Doppler radar observations (reflectivity and radial velocity) have been used in complex data assimilation systems in order to improve the initial conditions for convection-permitting models (e.g., Caya et al. 2005; Sun et al. 2005; Tong and Xue 2005; Gao et al. 2004; Xiao et al. 2007; Ming et al. 2009; Aksoy et al. 2009, 2010; Wang et al. 2013a) since they are almost the only source of three-dimensional information at this scale (Aksoy et al. 2009). These data assimilation systems—for example, three- and four-dimensional variational data assimilation methods [3DVAR (Sasaki 1970; Lorenc 1986) and 4DVAR (Lorenc 1988)] and ensemble Kalman filter (EnKF; Evensen 1994) and hybrid methods (Zupanski 2005)—have been developed for both research and operational purposes, and previous works using those systems have shown improvements in their precipitation forecasts (e.g., Snyder and Zhang 2003; Kawabata et al. 2007; Tong and Xue 2008; Shimizu et al. 2011; Sun et al. 2012; Sun and Wang 2013; Wang et al. 2013b).

Although the above-mentioned studies have demonstrated that radar data assimilation can improve the forecasting of precipitation, the positive impact tends to last only for a few hours. Using a 3DVAR radar data assimilation system, Sun et al. (2012) found that the impact of assimilating Doppler radars lasted only for 3 h for forecasts initialized in the early mornings when the convective systems are mostly scattered and radar coverage is small. From our experience with 3DVAR, we have found that radar data assimilation can introduce large wind increments and spurious precipitation, which can potentially make the positive impact of radar data assimilation short lived and even cause adverse effects on longer forecasts. We believe one of the reasons for this behavior could be due to the lack of proper balance in the dynamical and microphysical fields of the initial analysis. According to Reen (2007), the 3DVAR method tends to produce noise, and a digital filter (Lynch 1993) can be used in an attempt to diminish it. However, besides the fact that the digital filter may also remove real atmospheric features, it can only be implemented after the data assimilation process. Another methodology that tries to deal with the noise produced in a 3DVAR system is an incremental analysis update (IAU; Bloom et al. 1996). Lee et al. (2006) performed experiments using the fifth-generation Pennsylvania State University–NCAR Mesoscale Model (MM5) 3DVAR with the IAU methodology. The authors found that IAU could reduce the initial noise, and the moisture (i.e., the model variables related with the water cycle) spun up efficiently because of the gradual incorporation of the analysis increment. However, the IAU method is unable to eliminate the noise in the analysis; rather, it reduces the impact of the noise by the gradual addition of the increment during the forecast. Although 4DVAR and hybrid (4DVAR + EnKF) systems may have advantages in producing better-balanced analyses and hence a greater potential than the 3DVAR, their computational costs are still much higher than what many operational centers can afford.

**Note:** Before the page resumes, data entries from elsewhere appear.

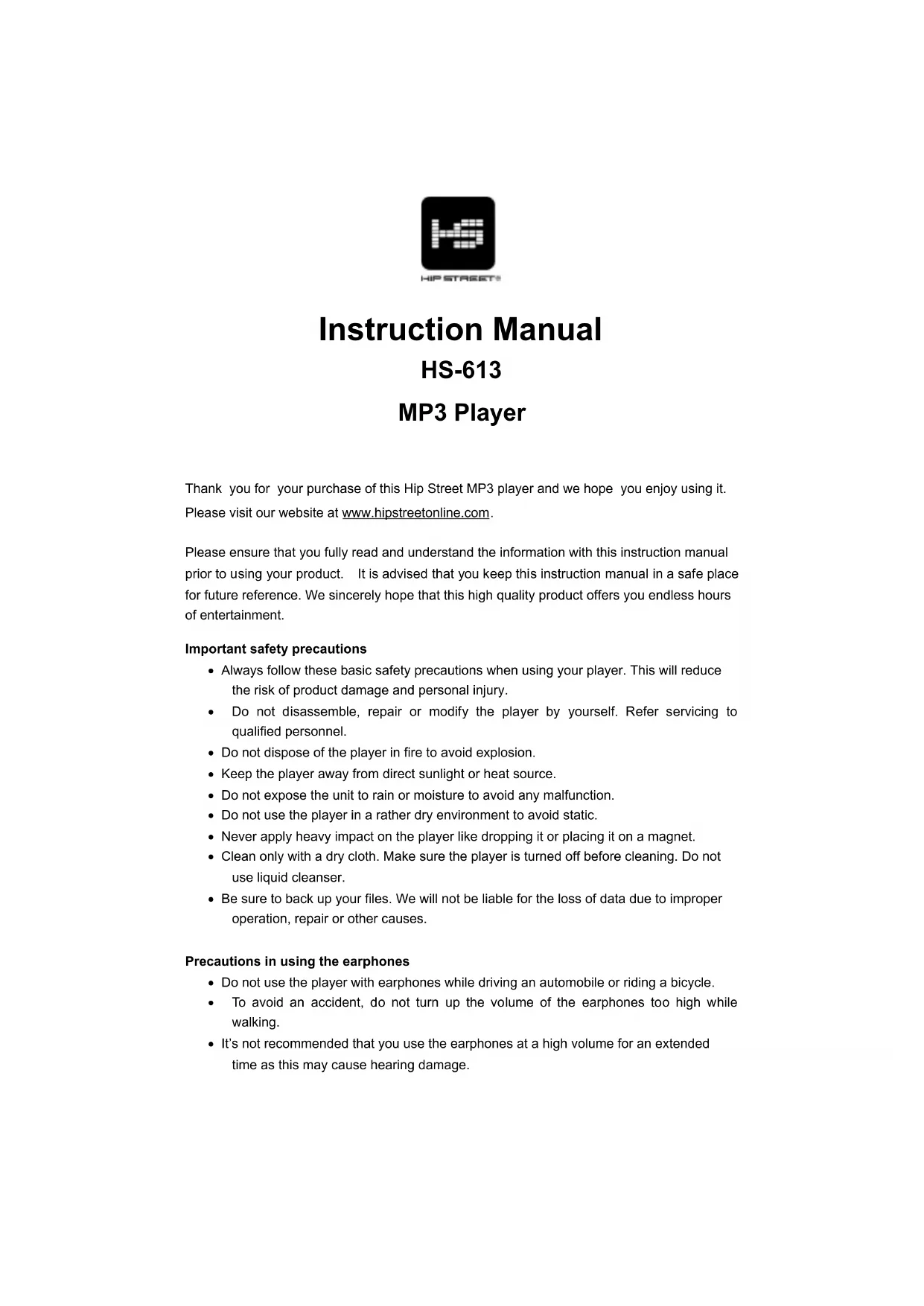 Instruction Manual HS-613 MP3 Player Thank you for your purchase of this Hip Street MP3 player and we hope you enjoy using it. Please visit our website at www.hipstreetonline.com
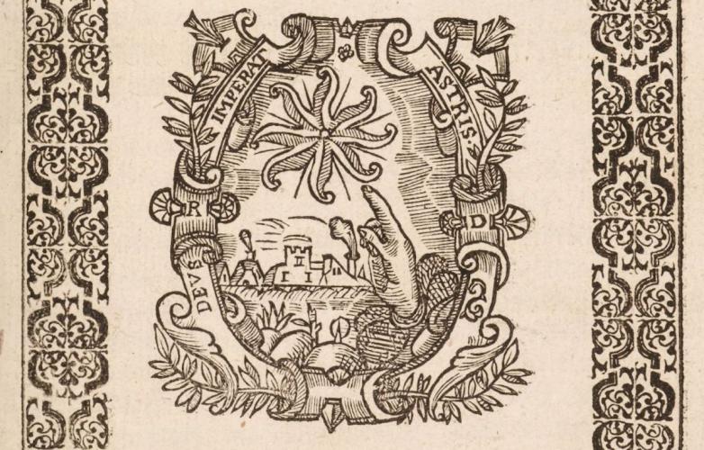 The printer’s device on the title page of A Briefe Description of Universal Mappes and Cardes... (London: Printed by Roger Ward for Thomas Cadman, 1589).
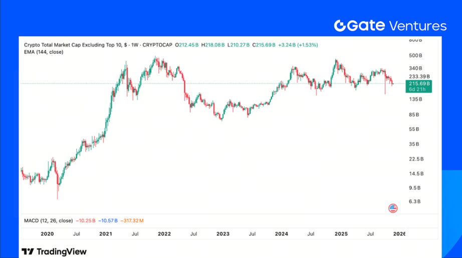 The total crypto market cap declined 7.48% last week. Excluding BTC and ETH, the broader market was down 5.89%, while assets outside the top 10 fell a sharper 9.18%. This indicates that altcoins experienced a noticeably heavier pullback compared with the major assets.
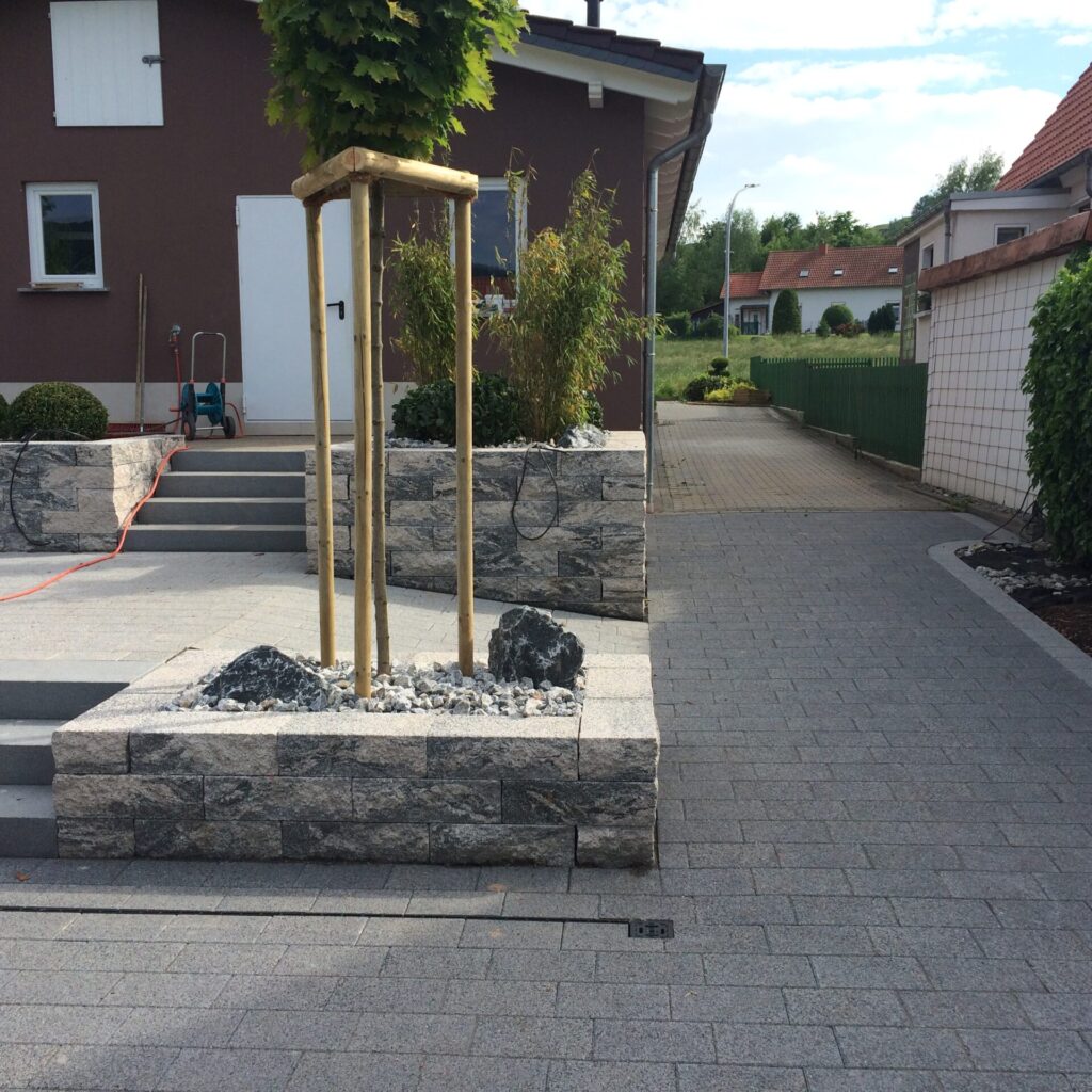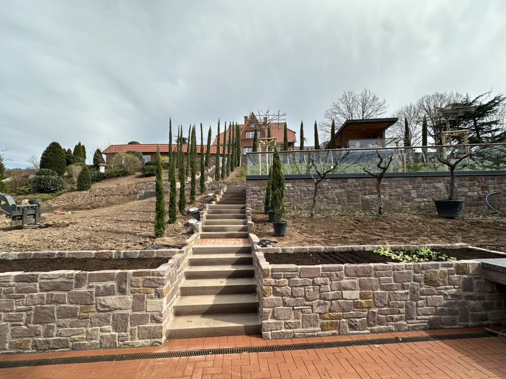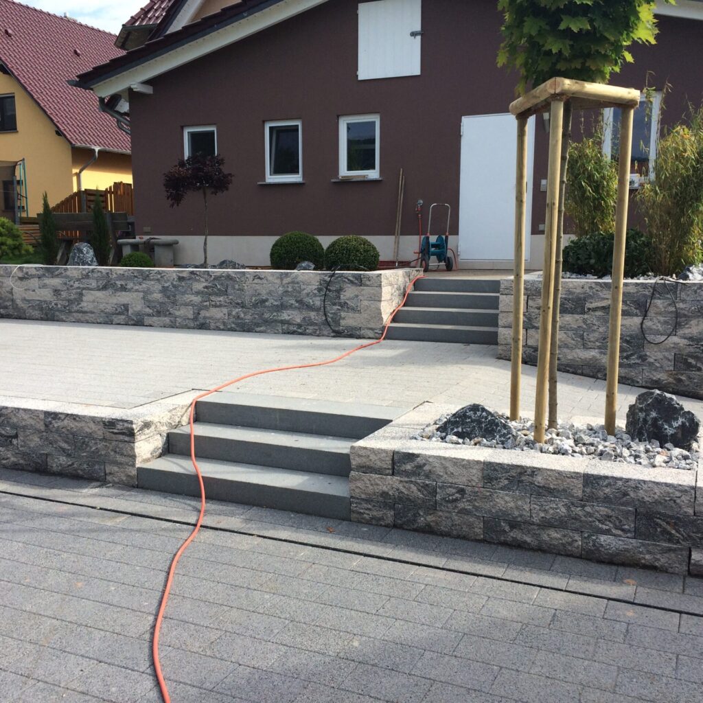 Ob moderne oder natürliche Gartentreppen, stabile Stützmauern oder individuell gefertigte Natursteinarbeiten – jedes Projekt wird sorgfältig geplant und präzise ausgeführt. Hochwertige Materialien, fachgerechte Fundamentierung und handwerkliches Können sorgen für langlebige, sichere und optisch ansprechende Lösungen.
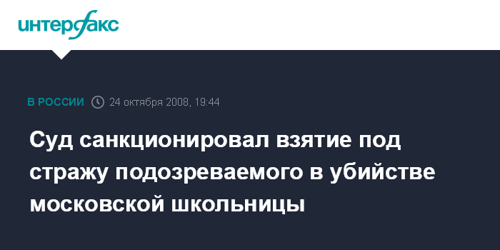 Москва. 24 октября. INTERFAX.RU - Замоскворецкий суд Москвы выдал санкцию на арест подозреваемого в убийстве 15-летней московской школьницы Анны Бешновой.
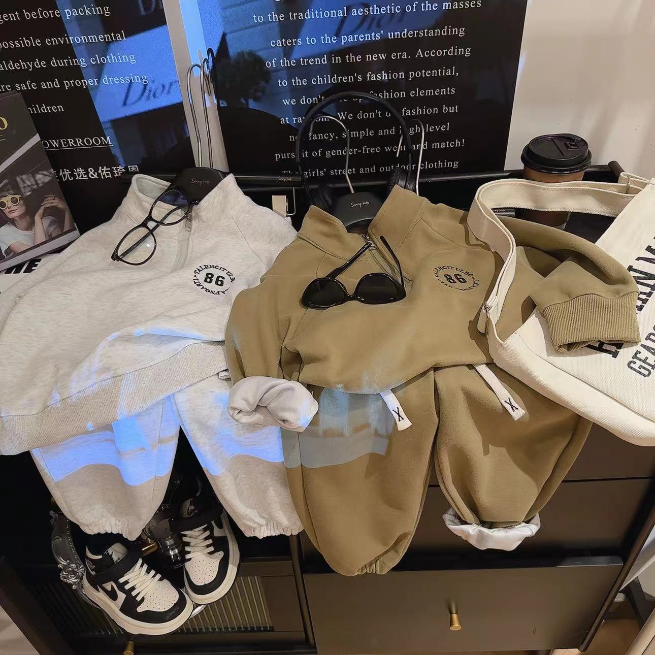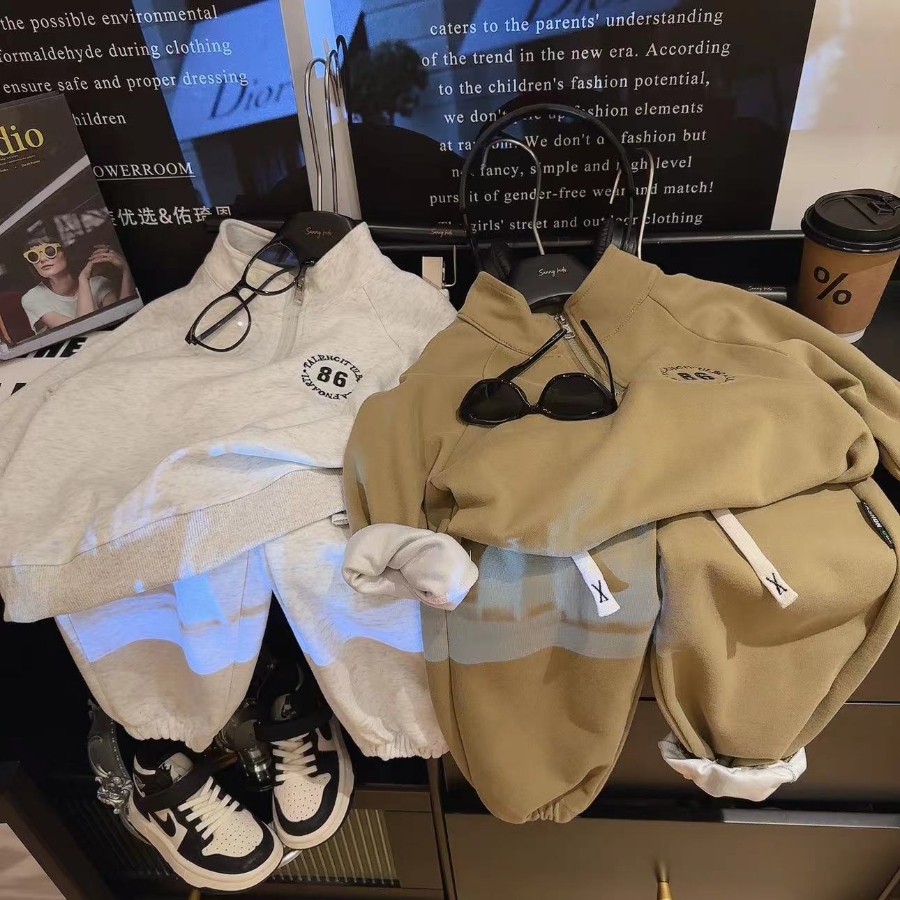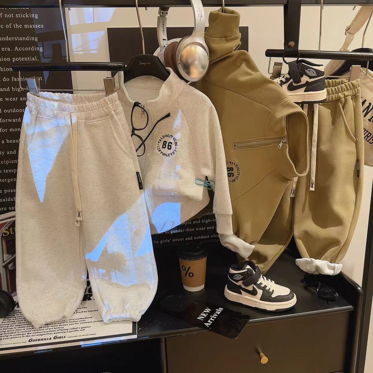어린이 스웨터 세트 가을 소년 면 긴팔 카디건 운동복 아기 소녀의 지퍼가 달린 한국식 투피스 세트스토어 가기
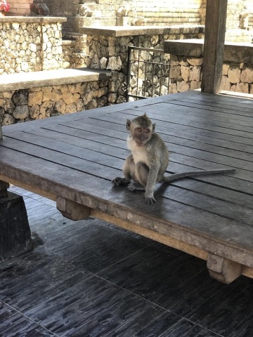 Chrám na skále na jihu ostrova. Běžte tam při západu slunce. U vstupu dostanete fialový sarong s oranžovým šátkem, který si uvážete kolem pasu. Je tu hodně opic a samozřejmě jsou strašně drzé. Našemu řidiči opice ukradla klíče od auta a musel volat šéfovi, aby mu přivezl náhradní :D.
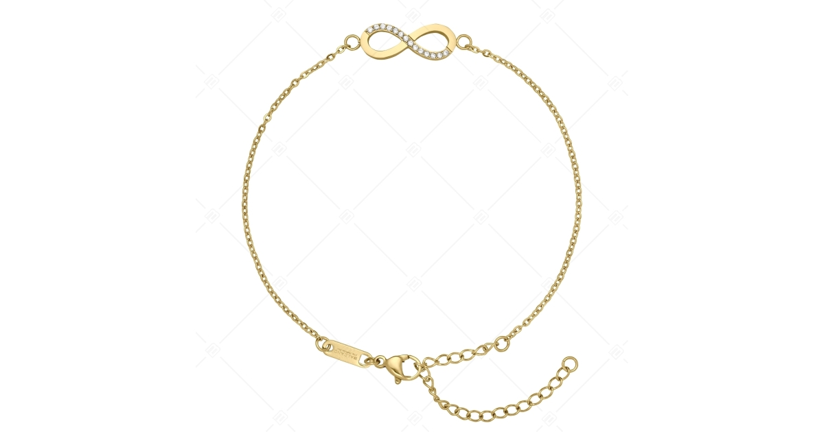 Végtelen szimbólummal ellátott, apró cirkónia kristályokkal díszített, lapított anker típusú bokalánc. 316L orvosi nemesacél ékszer, 18K arany bevonattal. Divatos és elegáns kiegészítő, amely anyagának köszönhetően antiallergén, nem kopik, nem mattul el használat során.
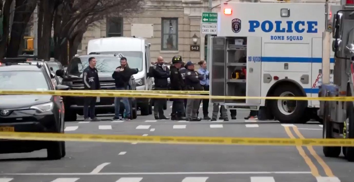 New York-polisen utreder terrorbrott efter att sprängladdningar kastats vid en demonstration i staden i helgen, rapporterar flera medier.
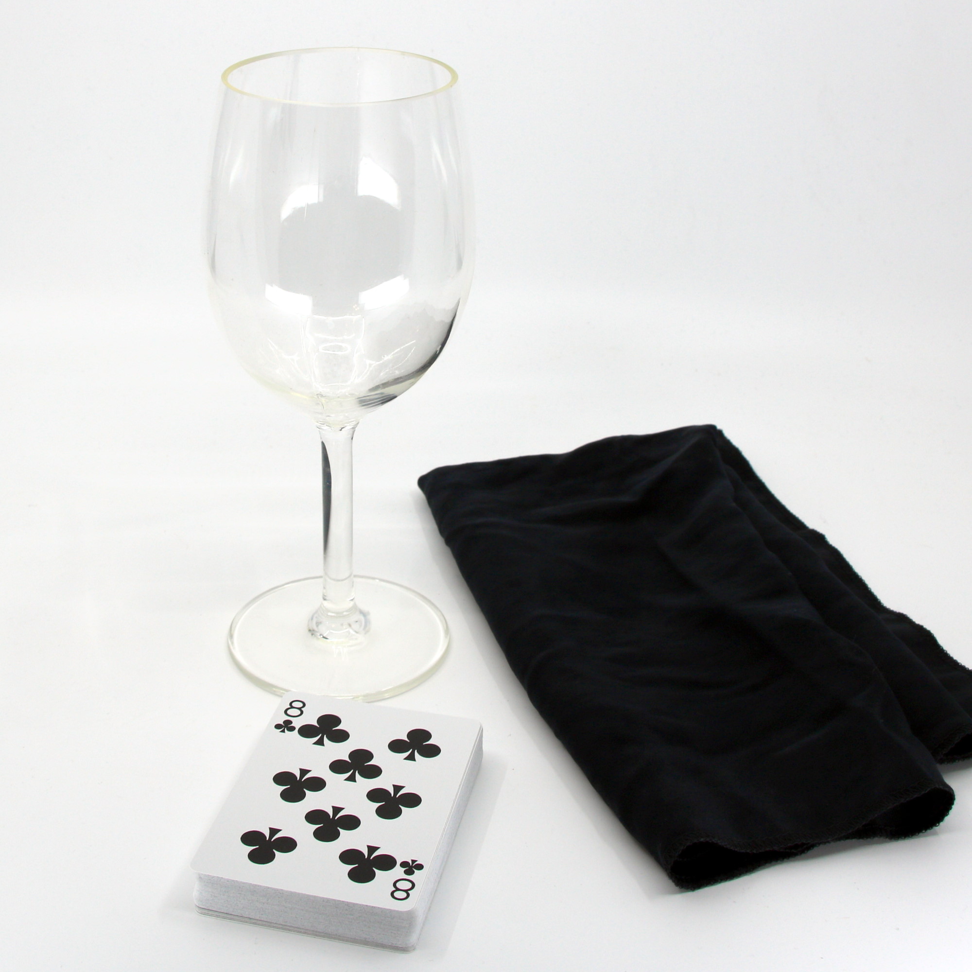 This is what Martin Lewis says about the change: “My father, Eric Lewis, created the Comedy Come-Back Card and designed an acrylic houlette for use with it, wine glasses being too breakable. If acrylic wine glasses existed in his day I’m sure he would have used one. A wine glass and napkin are far more innocuous looking and lend elegance to the effect.”
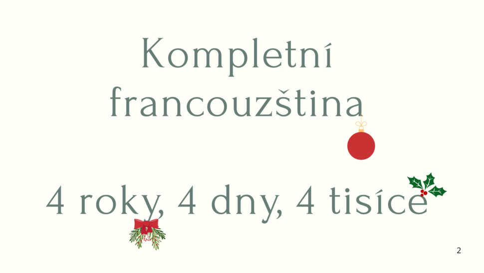 Kompletní franocuzština za 8 504 Kč, ve speciálním vánočním balíčku za 4 025 Kč.
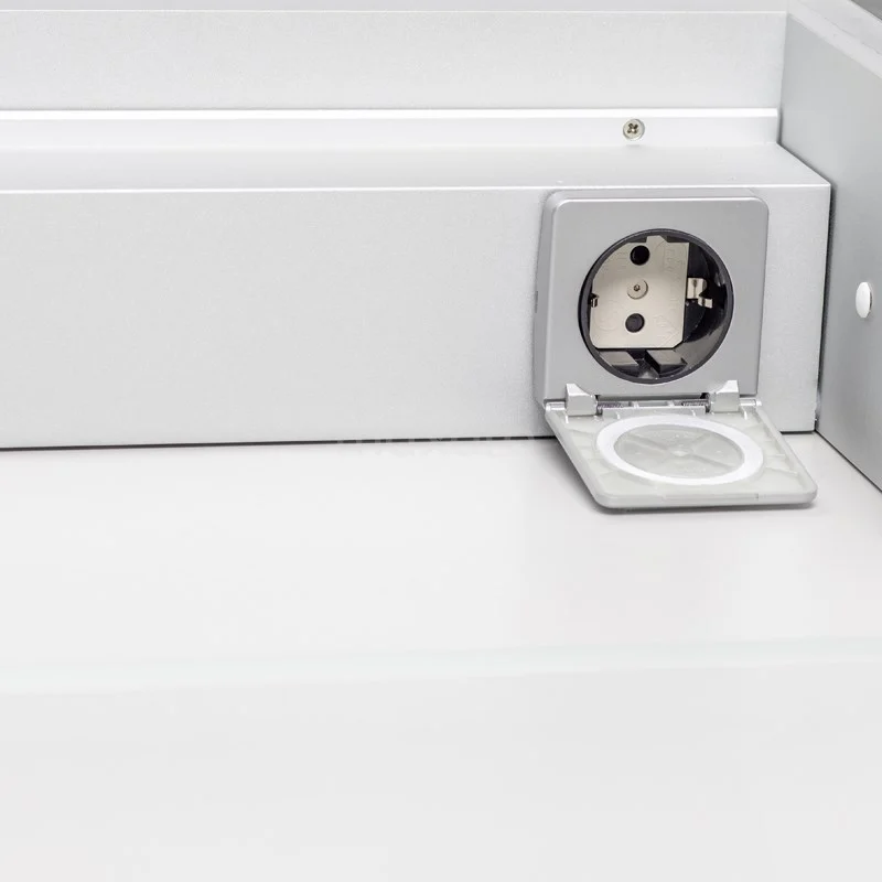 Dit prachtige exemplaar is uitgevoerd in aluminium en heeft een rechthoekig design. De strakke afwerking voorziet de spiegelkast van een minimalistische touch. Hierdoor komt de kast uitstekend tot zijn recht in een moderne stijl. De verlichting rondom de spiegel geeft het geheel een sfeervolle uitstraling. Bovendien zorgt de spiegel voor een ruimtelijk effect in uw badkamer.
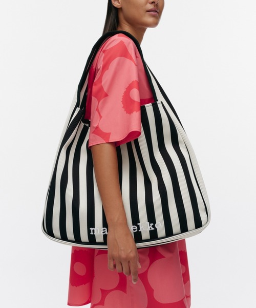◆特典◆ ・ノベルティ付きニットバックの販売(ノベルティ:マリロゴファブリックバック&UNIKKOステッカー) ※ノベルティはなくなり次第終了 《MORE SUSTAINABLE》 【テキスタイルデザイン:Maija Isola(マイヤ・イソラ)】 Merirosvo(メリロスヴォ):海賊 鮮明な色使いのストライプ柄に包まれたショルダーバッグ。リブのような畝を持つ厚みのあるニット素材で、モード感のある表情に仕上げています。ストラップを肩に掛けると、脇にぴったりと収まる作り。マチもある大きめなコンパートメントは、たっぷりの容量を誇ります。旅行やジム通いなどにも活躍するサイズ感。インパクトのあるルックスでコーディネートの風格も高める1点です。 ※商品ひとつずつの柄の出かたが異なるため、表示画像のディテールと多少異なるデザインのものが届く場合がございます。予めご了承ください。 こちらの製品にはリサイクルポリエステルを100%使用しています。 タテ39 ヨコ47 マチ9.5 持ち手上がり10.5

Sugimoto et al. (2009) conducted experiments assimilating radar data using the Weather Research and Forecasting (WRF) Model’s (Skamarock et al. 2008) three-dimensional variational data assimilation system (WRFDA 3DVAR; Barker et al. 2004) with observation simulation system experiments. Although encouraging results were shown in their study, they also found that the 3DVAR had limited ability in retrieving the unobserved variables by radar. This implies that the wind increment resulting from the assimilation of radar radial velocity is not balanced by other fields at the convective scales and can contain significant noise. The noise can even contaminate the large-scale balance. Guo et al. (2007) and Ming et al. (2009) addressed the issue of the final analysis balance when using the WRFDA 3DVAR scheme. The authors subjectively reduced by half these background error variances in order to give more weight to the background during the assimilation process for the purpose of keeping the background dynamical balance.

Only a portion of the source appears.